Higher PREN values indicate greater corrosion resistance.

The factor for nitrogen varies according to the source. Some variants of the equation also include tungsten (W).

PREN values are useful for ranking stainless steel grades according to their pitting-corrosion resistance. However, this comparison is only meaningful within the same stainless steel family (austenitic, ferritic, duplex). PREN cannot be interpreted as an absolute value.

Pitting Resistance Equivalent Number (PREN)

The pitting resistance equivalent number (PREN) is a theoretical way of comparing the pitting corrosion resistance of various types of stainless steels based on the chemical compositions of an alloy. To improve the pitting corrosion resistance of stainless steel, such alloying elements like molybdenum (Mo) and/or nitrogen (N) are added. To help in the selection of an appropriate alloy for an application, an equation for the pitting resistance equivalent number has been developed.
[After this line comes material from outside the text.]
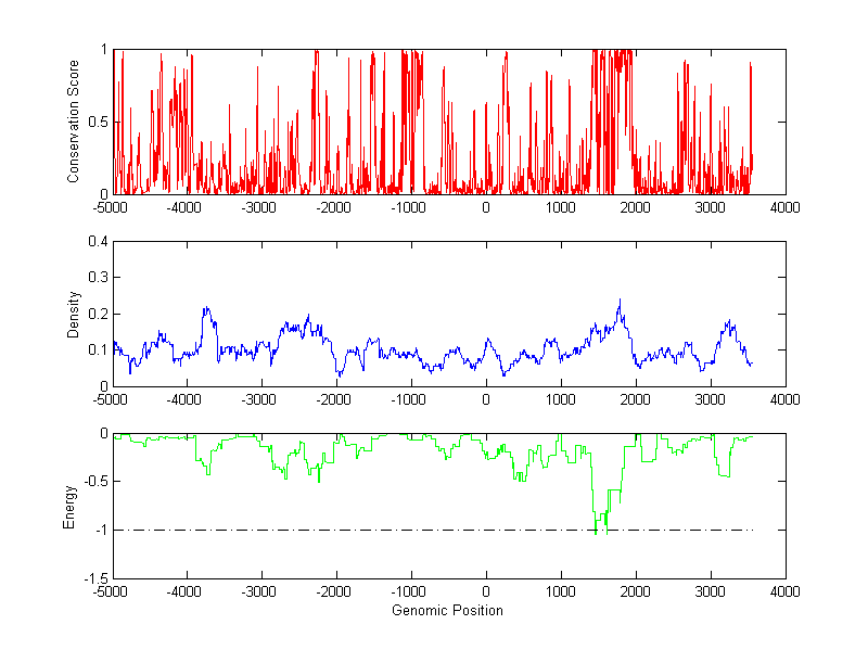 The energy profile (green curve) is about energy for module detection based on TF interaction. The positions with energy less than -1 indicate the existence of CRMs.
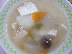 ご飯、牛乳、がんもの含め煮、変わり漬け、けんちん汁、ミニたい焼き

The higher the PREN value is, the more corrosion resistant the steel is.

Steels with PREN values above 32 are considered resistant to seawater corrosion. Duplex steel with PREN values 40 or above is used in hydrogen sulfide environments. It is standard in the oil and gas extraction industries. An exception is stainless steels with molybdenum content equal to or above 1.5%; these may have a PREN value 30 or more. In these cases the PREN value takes into account tungsten in the alloy and is defined with the formula:

PREN = 1 × %Cr + 3.3 ( %Mo + 0.5 × %W ) + 16 × %N

Selection of the appropriate stainless steel grade depends primarily on the corrosiveness of the application environment and the application’s mechanical property requirements. When more than one alloy meets these requirements, other factors that must be considered include:

• Physical properties
• Fabricability
• Availability
• Cost

PREN can change depending on the individual elements in the steel or alloy steel composition.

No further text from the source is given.